Identifying pathological features is important for the identification of an individual and providing the possible cause of death. Read more here!
Two osteologists examine a skeleton laid out on a work table
© Durham University

Evidence of pathology and trauma on the skeleton provide important information that can help to identify the deceased and can provide possible evidence of the circumstances or cause of death. Comparison of skeletal pathology (e.g. a healed fracture to the arm) to ante-mortem medical records can provide important evidence for establishing individual identity.

Skeletal pathology can prove to be particularly important in forensic contexts in cases where other aspects of the osteological profile are very similar. For example, in war graves, most of the deceased are the same sex and similar age and are therefore not easily distinguished based on age and sex alone.

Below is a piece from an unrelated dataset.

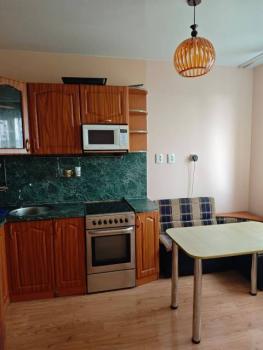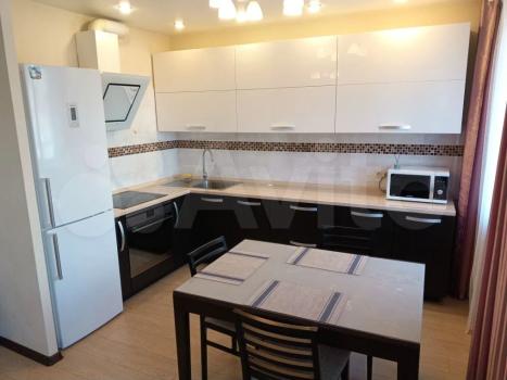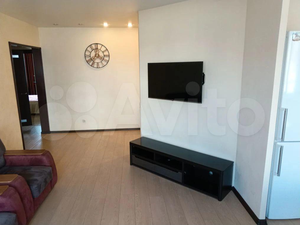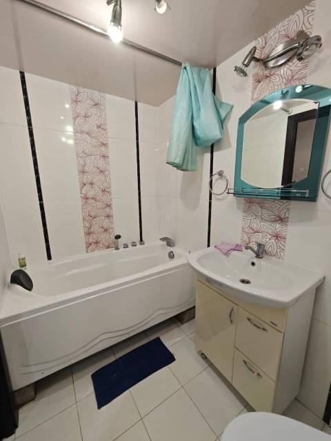 В квартире выполнен евро ремонт. Комнаты смежные, санузел раздельный. На кухне площадью 9 м² установлена современная бытовая техника, включая телевизор с кабельным/цифровым ТВ. Из мебели — удобные спальные места.

The identification and recording of pathological features on bones can be useful for the following reasons:

  • Pathological conditions that affect for example facial features, or overall appearance, can help establish identity.
  • Dental pathologies and treatment can affect a person’s appearance or be linked to ante-mortem dental records.
  • Degenerative changes (e.g. joint disease) that can impact on an individual’s movement or lifestyle can be useful for identification.
  • Other physical impairments (disabilities) which create individualising features (e.g. scoliosis) can be linked to medical records.
  • Some features can hint at personal lifestyle factors, such as tobacco staining on teeth.
  • Genetic diseases can be used to indicate familial links, and some may be associated with particular parts of the world – e.g. thalassaemia.
  • Evidence of trauma can yield information regarding the cause of death and also post-mortem treatment of the body.

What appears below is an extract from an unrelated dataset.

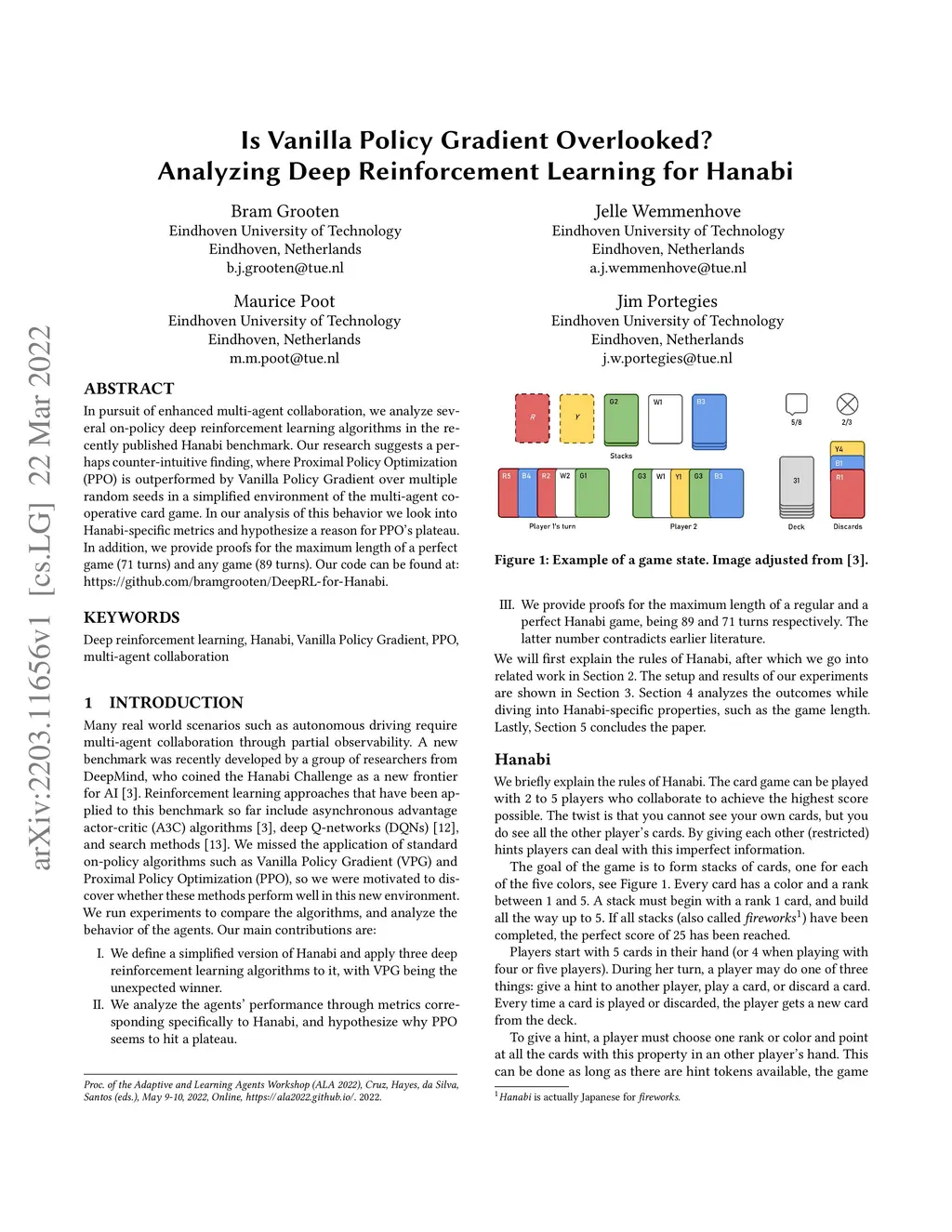 In pursuit of enhanced multi-agent collaboration, we analyze several on-policy deep reinforcement learning algorithms in the recently published Hanabi benchmark. Our research suggests a perhaps counter-intuitive finding, where Proximal Policy Optimization (PPO) is outperformed by Vanilla Policy Gradient over multiple random seeds in a simplified environment of the multi-agent cooperative card game. In our analysis of this behavior we look into Hanabi-specific metrics and hypothesize a reason for PPO's plateau. In addition, we provide proofs for the maximum length of a perfect game (71 turns) and any game (89 turns). Our code can be found at: https://github.com/bramgrooten/DeepRL-for-Hanabi

Bone structure and pathology

Before discussing abnormal bone, it is useful to consider the structure of normal bone. The outer layer of bone is called the periosteum. This can become inflamed in response to trauma or infection and produce a bony reaction – often referred to as periosteal new bone formation.

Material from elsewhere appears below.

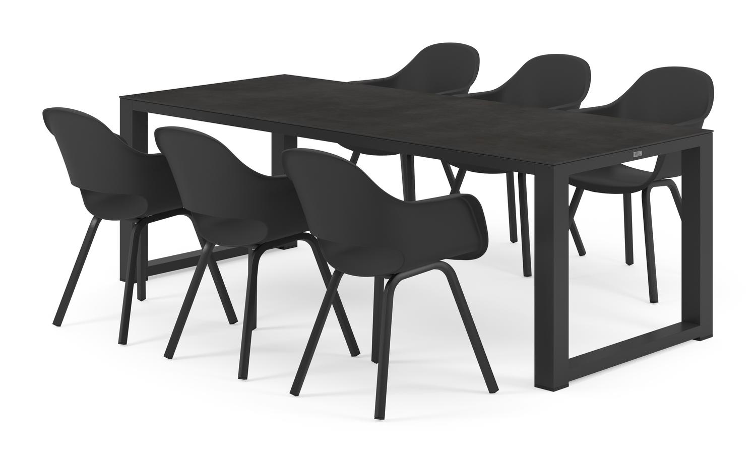 De Livo tuinset in zwart aluminium en zwart volkeramiek tafelblad met 6 Artena tuinstoelen is van het merk Bristol Essentials en is hier verkrijgbaar in de kleur zwart.

Anatomical model of a femur with the names of the different structure labelled

The periosteum covers a layer of cortical or ‘compact’ bone, which is dense and provides mechanical strength. The thickness of this compact bone varies with the skeletal element, depending on the function of different parts of the skeleton. For example, the weight-bearing bones will have more compact bone than other elements. If this compact bone becomes infected then it can produce a response referred to as osteitis. The bone usually appears thickened and denser in these areas.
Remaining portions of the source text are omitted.